- Developer: The Connelley Group
- Publisher: Epyx
- Programmer: Michael Farren (Atari)
- Series: Dunjonquest
- Platforms: Atari 8-bit, Commodore 64, ColecoVision
- Release: 1983
- Genre: Action-adventure
- Mode: Single-player

= Gateway to Apshai =

1983 video game

Gateway to Apshai is an action-adventure game for the Commodore 64, ColecoVision and Atari 8-bit computers. It was developed by The Connelley Group and published by Epyx in 1983 as a prequel to Temple of Apshai. It is a more action-oriented version of Temple of Apshai, with smoother and faster graphics, streamlined controls, fewer role-playing video game elements, and fewer room descriptions.
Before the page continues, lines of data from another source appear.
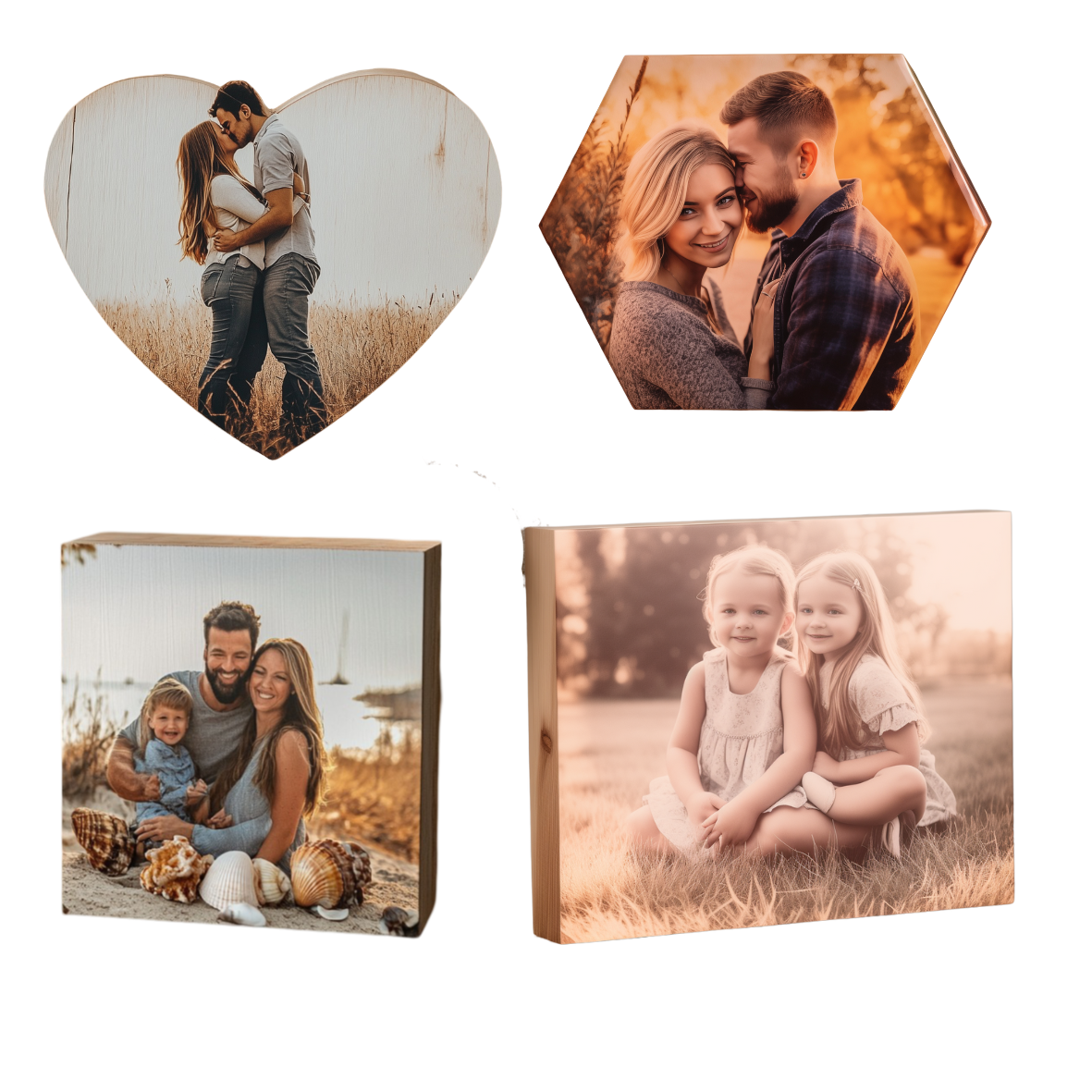 Each block is entirely unique! The natural grain and subtle variations in the wood make every piece one of a kind, adding a distinct charm to your artwork. Unlike synthetic materials, pine wood carries its own natural beauty, with small imperfections that enhance its character and individuality—perfect for showcasing your cherished moments.
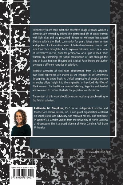 Intimate accounts of skin tone stratification from Dr. Simpkins' own lived experience are shared as she engages in self-awareness throughout the entire book. A critical perspective of popular culture in movies offers insight into the origination of inscribed identifies of Black women. The traditional roles of Mammy, Sapphire and Jezebel are examined to further illustrate the perpetuation of colorism. The context of this work should be understood as groundbreaking to the field of colorism.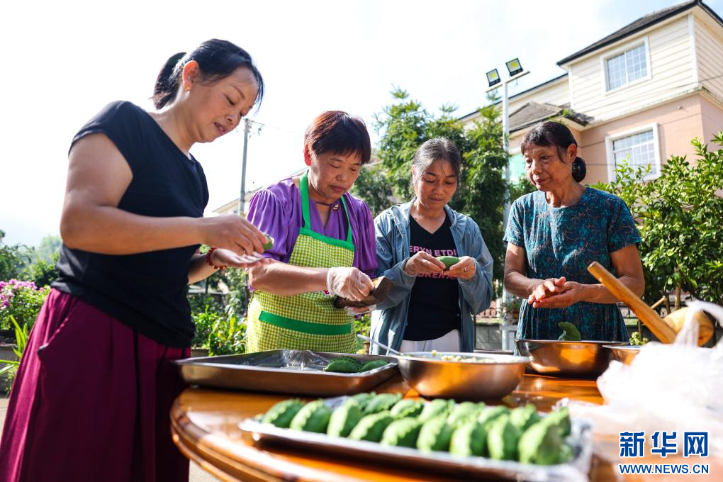8月15日,诸暨市赵家镇花明泉村村民使用古井井水洗菜。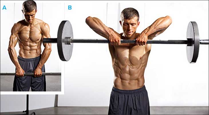 Правильная техника тяги штанги к подбородку выглядит следующим образом: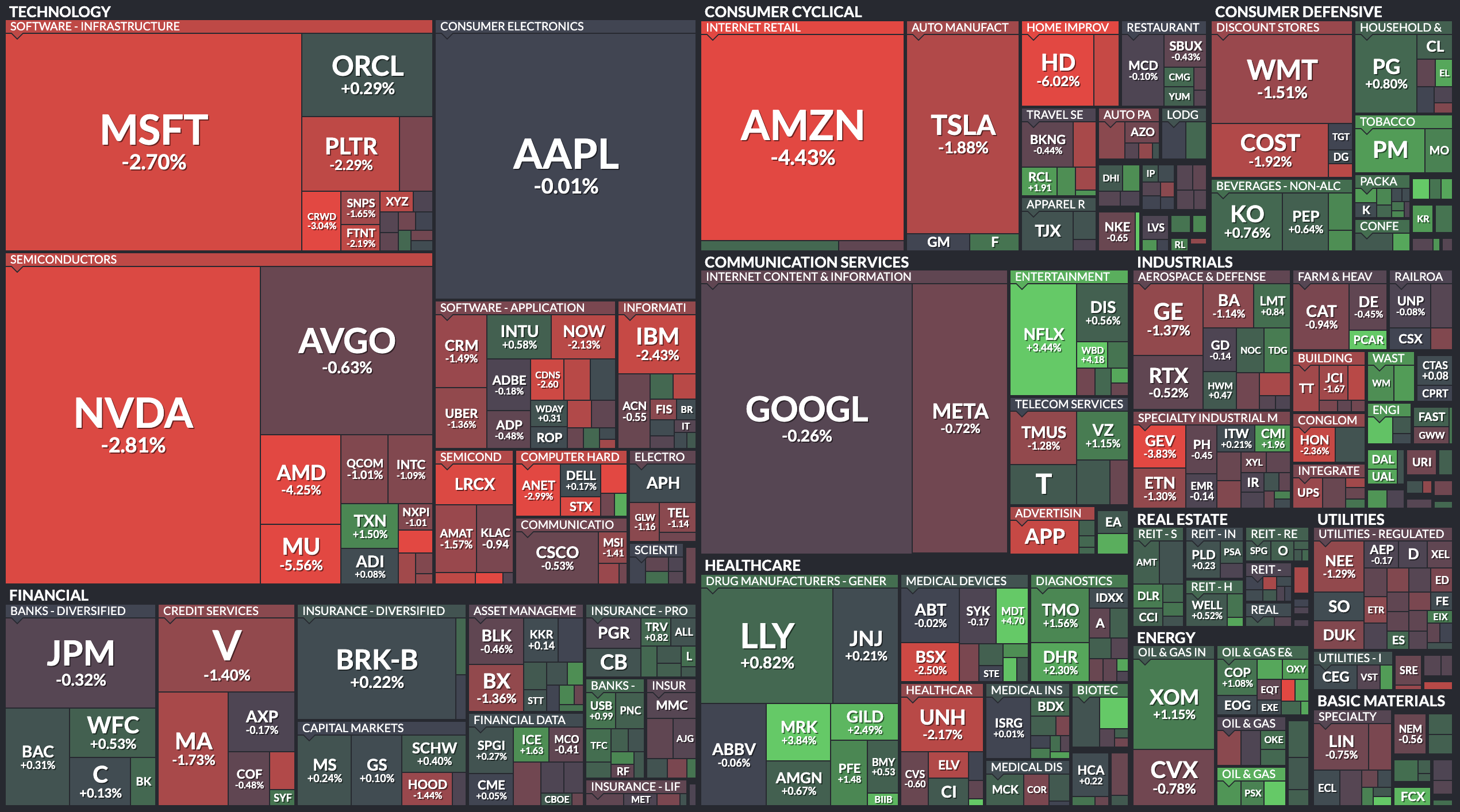 欧盟宣布对微软和亚马逊进行反垄断调查,打压了股价,微软下跌2.7%,亚马逊下跌4.43%。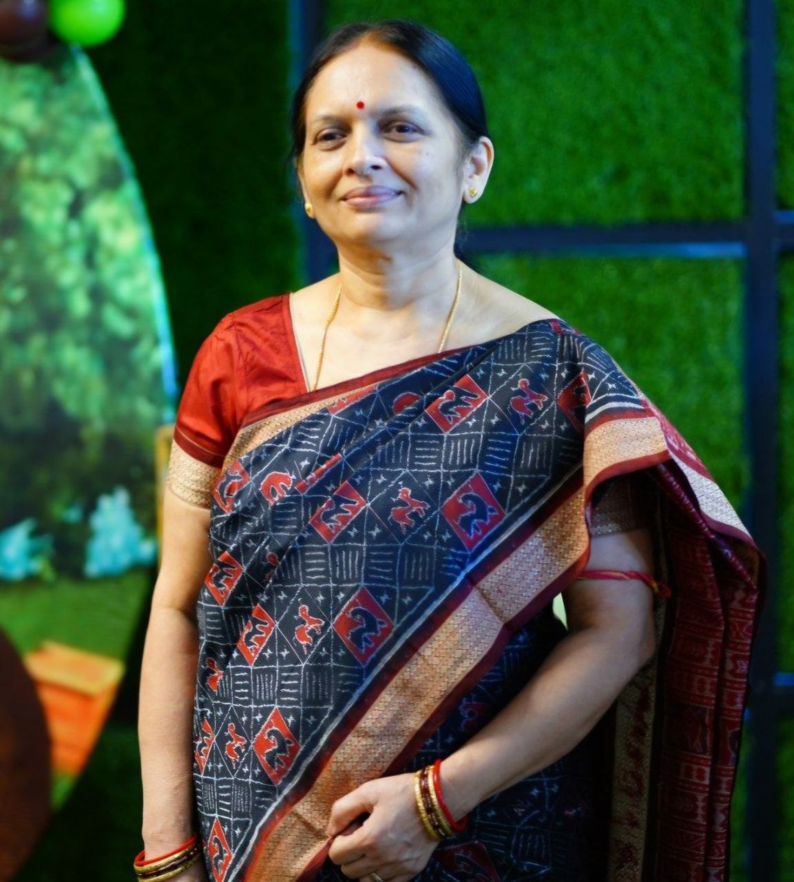 The granddaughter of Padma Shri Kruthartha Acharya, she grew up watching weavers work, understanding the language of the loom before she understood its significance. Decades of living with handloom — in her saris, her home, her gifts, her daily choices — gave her an education no institution offers: how a Sambalpuri fabric should feel against the skin, what a motif means, when a dye is right, and how to tell the pure from the imitation.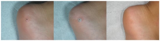 - Boroujeni, N.H.; Handjani, F.; Saki, N. CO2 laser treatment for plantar warts in children: A case series. Dermatol. Ther. 2020, 33, e13414. [Google Scholar] [CrossRef] [PubMed]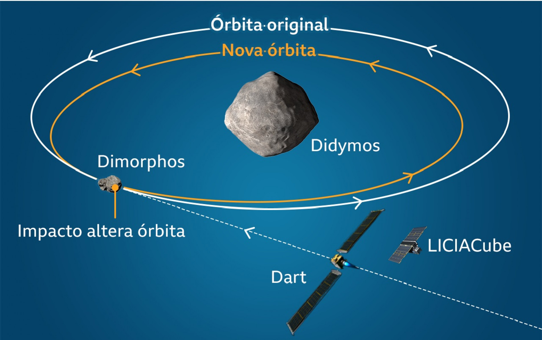 A missão Double Asteroid Redirection Test (Dart), da Nasa, foi lançada com o intuito de colidir com um asteroide chamado Dimorphos, de 160 metros de comprimento.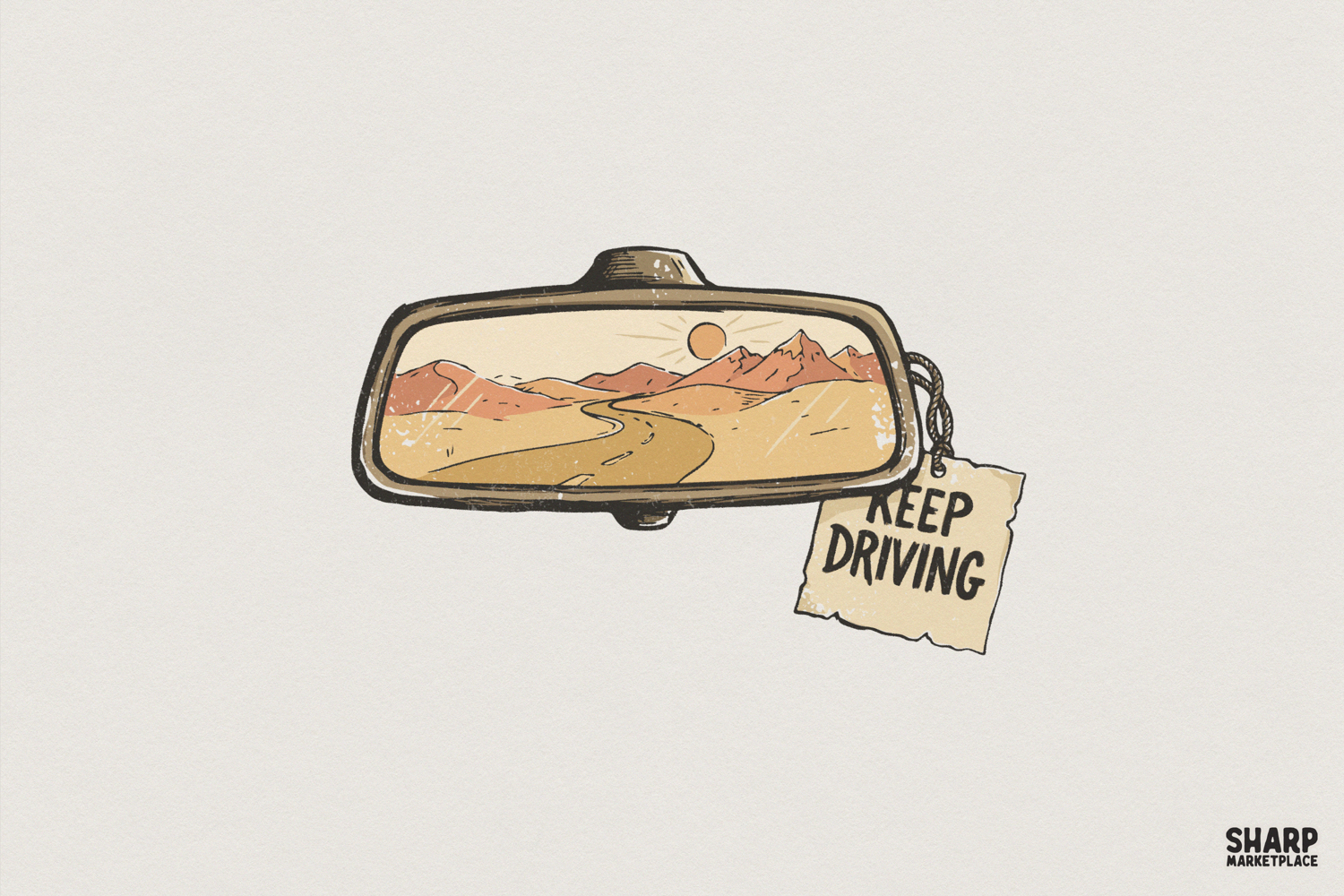 Keep Driving PNG, Vintage Desert Road Art, Rearview Mirror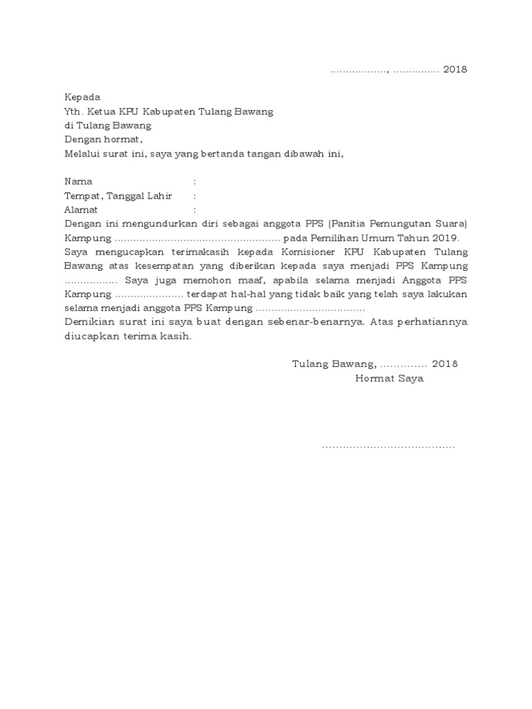 Contoh Surat Pengunduran Diri Anggota Pps from imgv2-1-f.scribdassets.com Contoh surat pengunduran diri yang pertama adalah surat pengunduran diri atau resign dari pekerjaan. Berikut beberapa contoh surat pengunduran diri atau surat resign dengan penulisan yang benar dan sopan, dilengkapi dengan trik dan tips pembuatannya. Dengan hormat, yang bertanda tangan di bawah ini Bersama surat ini saya hendak mengajukan surat pengunduran diri dari perusahaan aminerka dan melepas jabatan yang sedang saya pegang ini terhitung sejak hari ini tanggal 10 november 2018. Jika kamu merasa ingin mengundurkan diri dari pekerjaan kamu saat ini, maka tidak ada salahnya untuk belajar membuat surat pengunduran diri. Mengenai data diri berupa nama dan. Untuk mengundurkan diri dari jabatan tertentu seringkali diperlukan prosedur cocok digunkan sebagai surat pengunduran diri dari jabatan di pemerintah desa, seperti ketua rt / rw. Di sini, kamu bisa mempelajari berbagai contoh surat pengunduran diri yang baik disertai dengan format susunan serta tips untuk membuatnya.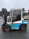 Myydään suoraan käytöstä toimiva 3tn Stocka diesel trukki haarukoiden asetinlaitteella.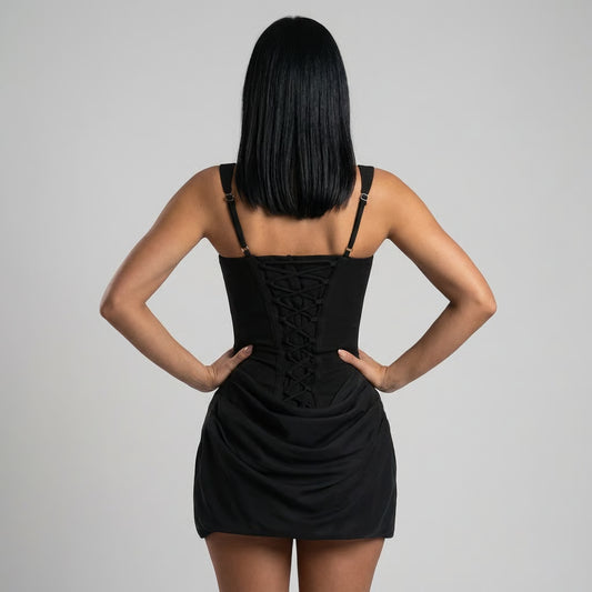 בגד גוף מעצב עם רוכסן קדמי ורשת בצדדים שחור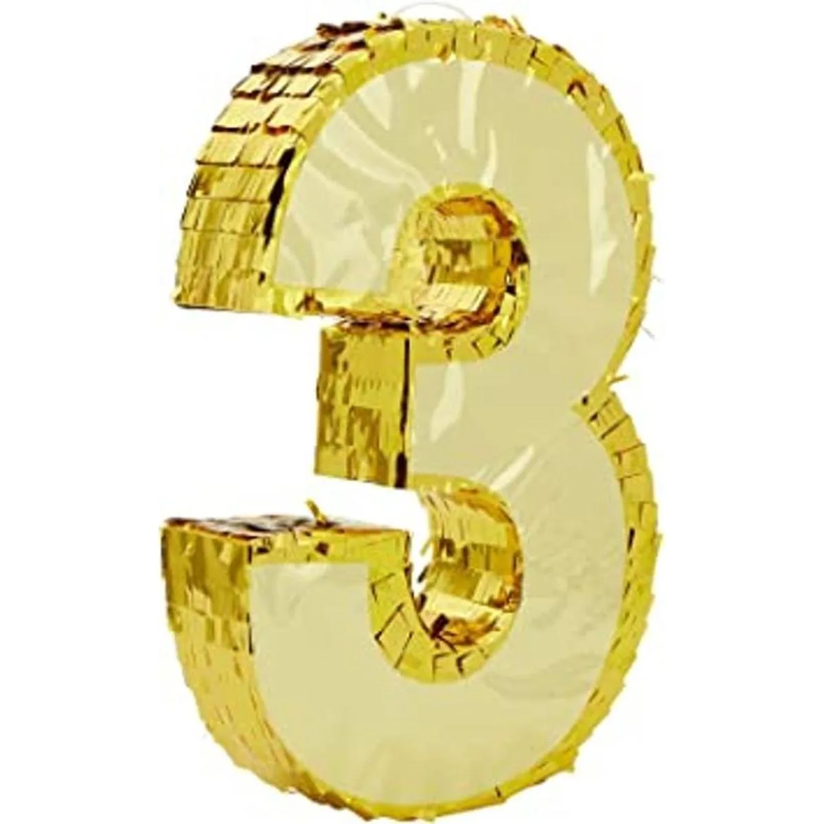 Qué incluye: incluye 1 piñata dorada con número 3 para añadir a tus decoraciones de tercer cumpleaños para niños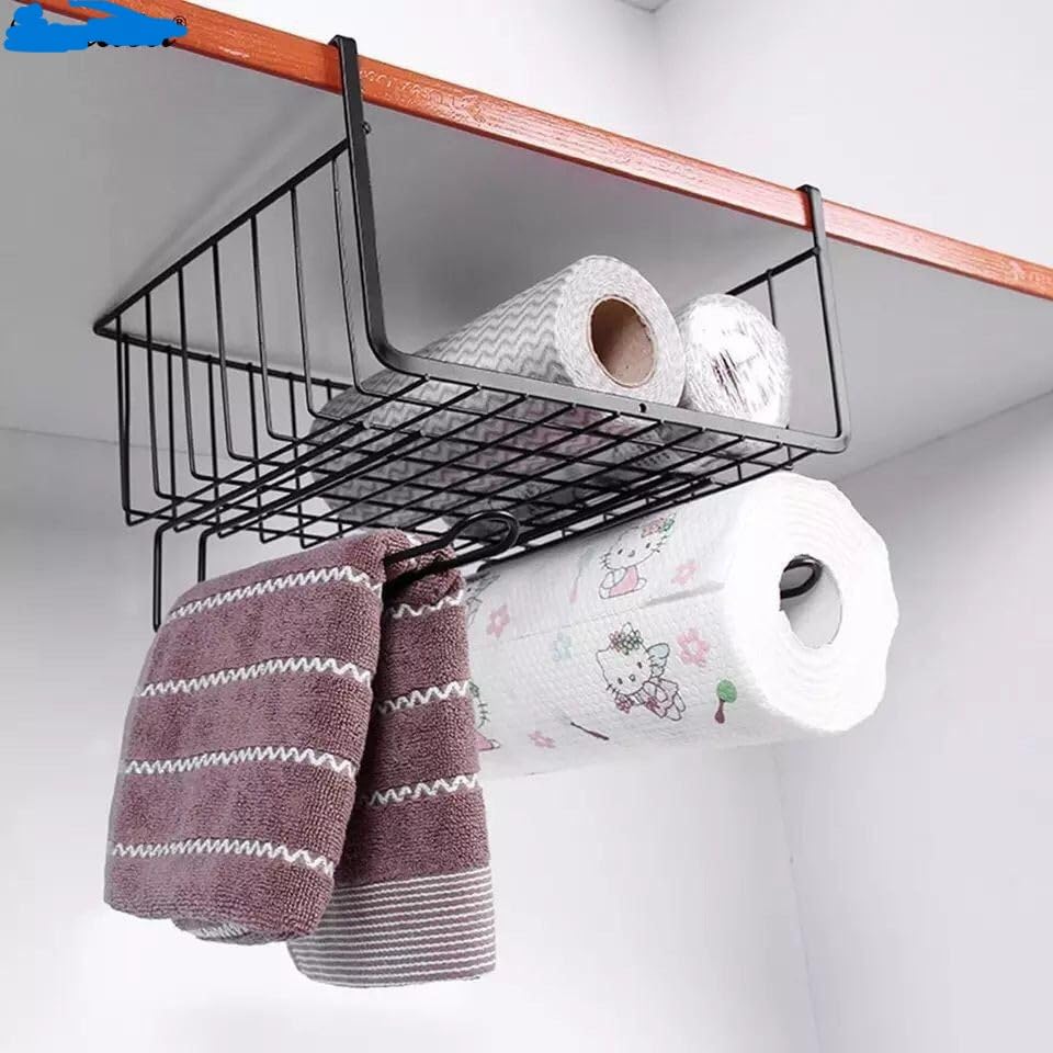 Generic - Generic Under Cabinet Storage Organizer, Black Metal Hanging Shelf with Dual Holders for Towels and Toilet Paper, Multi-Purpose Bathroom Kitchen Storage Rack .ar

In Gateway to Apshai the player assumes the role of an unnamed adventurer, who tries to survive a series of increasingly difficult dungeon levels filled with both treasure and monsters. Each level is played within a freely selectable dungeon. Level 8 of the dungeon perpetually repeats until the player runs out of lives, ending the game.

==Plot==

At the start of the game, fighting a garter snake

The player's character is summoned to the chambers of an old priest called Merlis, who informs him that he is the son of the greatest warrior of Apshai, and that it is written in the prophecy that only he can reclaim the fabled Temple of Apshai and rid the land of its monsters and curses. This game covers the Gateway to Apshai, which they have to clear in order to reach the Temple of Apshai.

==Gameplay==
The player is initially armed with a dagger and clad in leather armor. As play progresses, they obtain new weapons, armor, potions, eyeglasses, and scrolls containing magical spells. Various enemies, ranging from simple rats and snakes to giants, inhabit the dungeon. The player must kill them with weapons or magical spells.

The levels become progressively harder to survive as the player descends deeper and deeper into the dungeon. Each dungeon is covered in complete darkness that illuminates as the dungeon rooms and corridors are explored. The Gateway consists of 8 levels, each consisting of 16 dungeons, each consisting of 60 rooms, for a total of 7680 rooms.

C64 screenshot

The player gets approximately six and a half minutes to explore each level. Once the time passes, if they are still alive, they advance to the next deeper level.

==Reception==
Softline called Gateway to Apshai "a great game ... enthralling". ANALOG Computing criticized the lack of a save game feature, but praised the replayability and speed of the gameplay, graphics, and loading time. Ahoy! praised the game's size and recommended that two people play together. It concluded that Gateway to Apshai "is a marvelous game, a must for D & D freaks". Hi-Res called the game "well designed, fun to play" and liked the graphics and sound, but also criticized the lack of a save game feature. The Addison-Wesley Book of Atari Software 1984 gave the game an overall B rating, concluding that it was "a better game in many ways" to Temple of Apshai because of the faster pace, fewer keyboard commands, and cartridge format. Computer and Video Games rated the ColecoVision version 64% in 1989.